Ernest Reyer (1823-1909) : un compositeur qui mérite d’être redécouvert
Le nom d’Ernest Reyer n’évoque aujourd’hui que de vagues souvenirs chez un grand nombre de mélomanes. Il fut pourtant l’un des compositeurs les plus respectés de la scène lyrique française au XIXe siècle. Ami de Berlioz, il incarne une figure singulière du romantisme musical français, entre tradition classique, souffle épique et exotisme sonore. Admiré par Wagner, les deux hommes se sont rencontrés au moins une fois à Triebschen, près de Lucerne, où Wagner résidait à l’époque. Lors de cette rencontre, Wagner a accueilli Reyer avec chaleur, en reconnaissance du soutien que le compositeur marseillais lui avait prodigué pour ses œuvres. Reyer a d’ailleurs relaté cette visite dans ses écrits.
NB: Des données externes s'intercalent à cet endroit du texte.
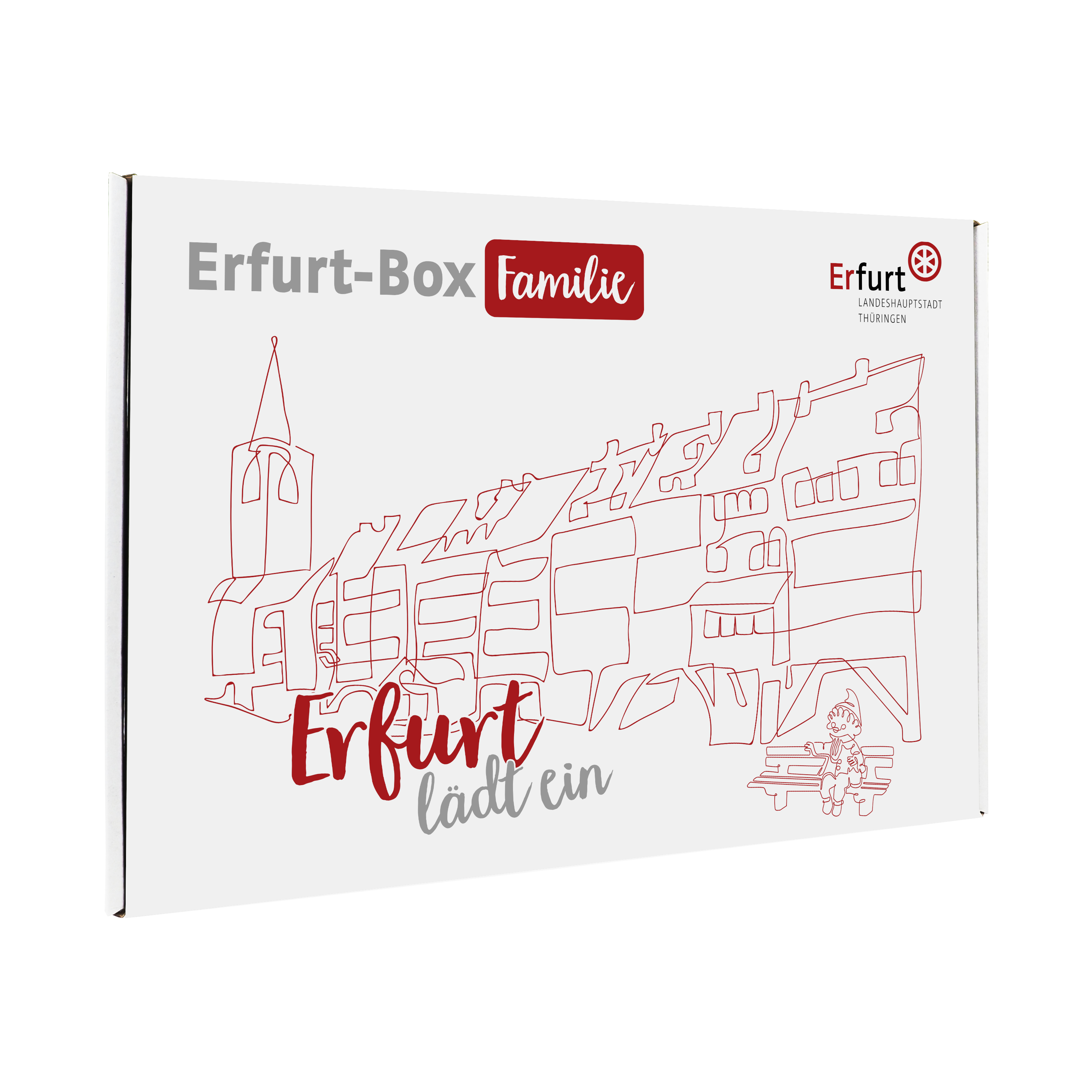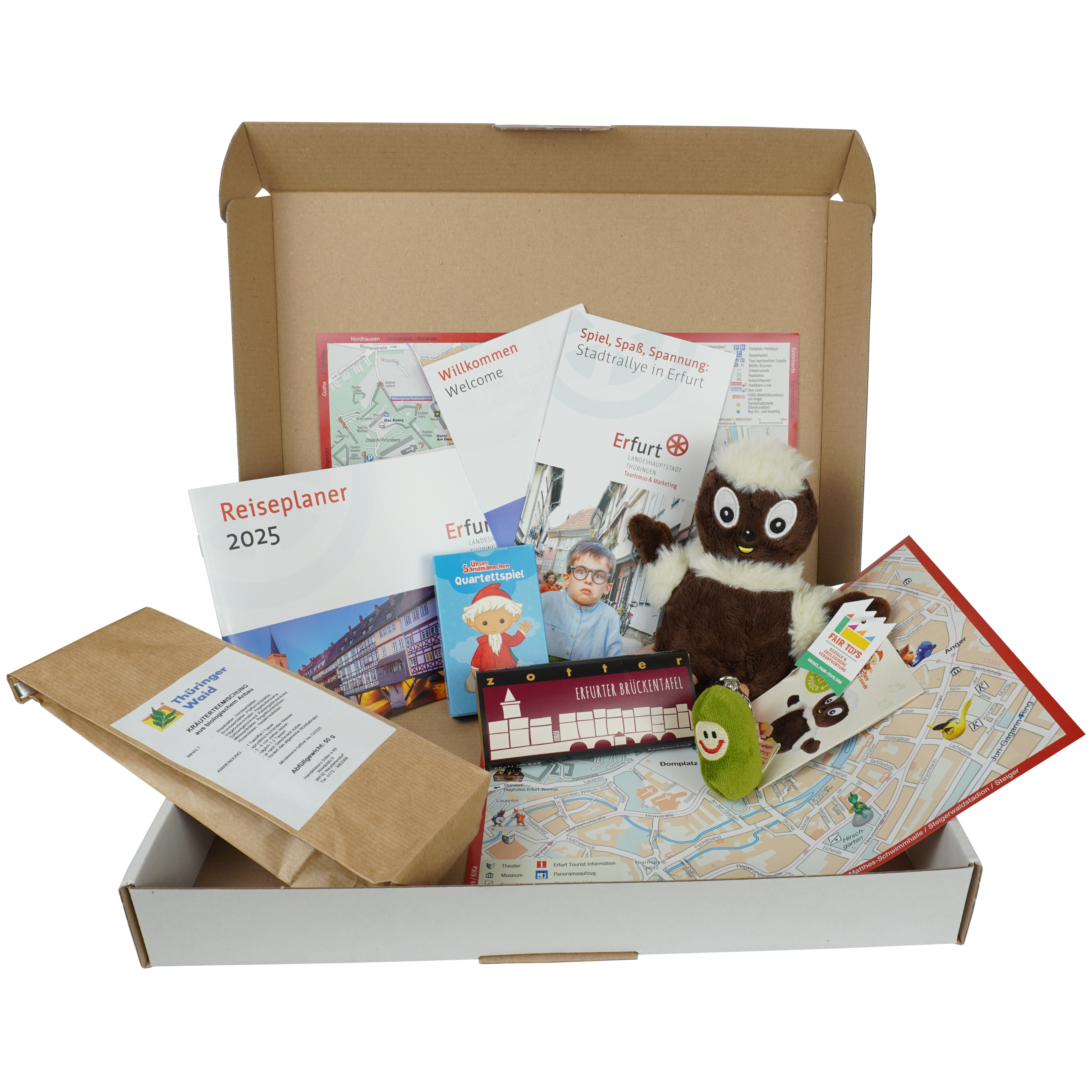 Die Erfurt-Box „Familie“ wurde speziell für Familien mit Kindern entwickelt und macht neugierig, die Stadt zu erkunden. Neben hilfreichen Informationen für Ihren Erfurt-Aufenthalt und zahlreichen Freizeit- und Ausflugstipps beinhaltet die Erfurt-Box „Familie“ auch kulinarische Genüsse aus der Thüringer Landeshauptstadt.

Né à Marseille en 1823, Louis Étienne Ernest Rey, dit Reyer, s’oriente d’abord vers le droit avant de céder à sa passion pour la musique. Autodidacte, il se forme en autodiscipline, grâce aux conseils de son cousin Louis Niedermeyer. Rapidement, il s’impose dans les cercles musicaux parisiens. Son originalité : une synthèse entre le grand opéra français hérité de Meyerbeer et le goût du pittoresque et de l’exotisme, très en vogue dans la seconde moitié du XIXe siècle. Toutefois Reyer donnera sa pleine mesure dans l’opéra. S’il compose aussi de la musique symphonique et des pièces vocales, c’est surtout la scène qui révèle la puissance dramatique et orchestrale de son style.
La Statue (1861) conte lyrique orientaliste situé à Bagdad qui séduit par son mystère, son atmosphère onirique et ses touches exotiques préfigure des œuvres comme Lakmé ou Thaïs. D’un ton plus grave Érostrate (1862) s’inspire d’un récit antique sur la folie destructrice d’un homme en quête de célébrité. Sigurd (1884) adaptation française du mythe nordique de Siegfried est son chef-d’œuvre. La fresque orientale Salammbô (1890) mêle sensualité, violence et lyrisme flamboyant.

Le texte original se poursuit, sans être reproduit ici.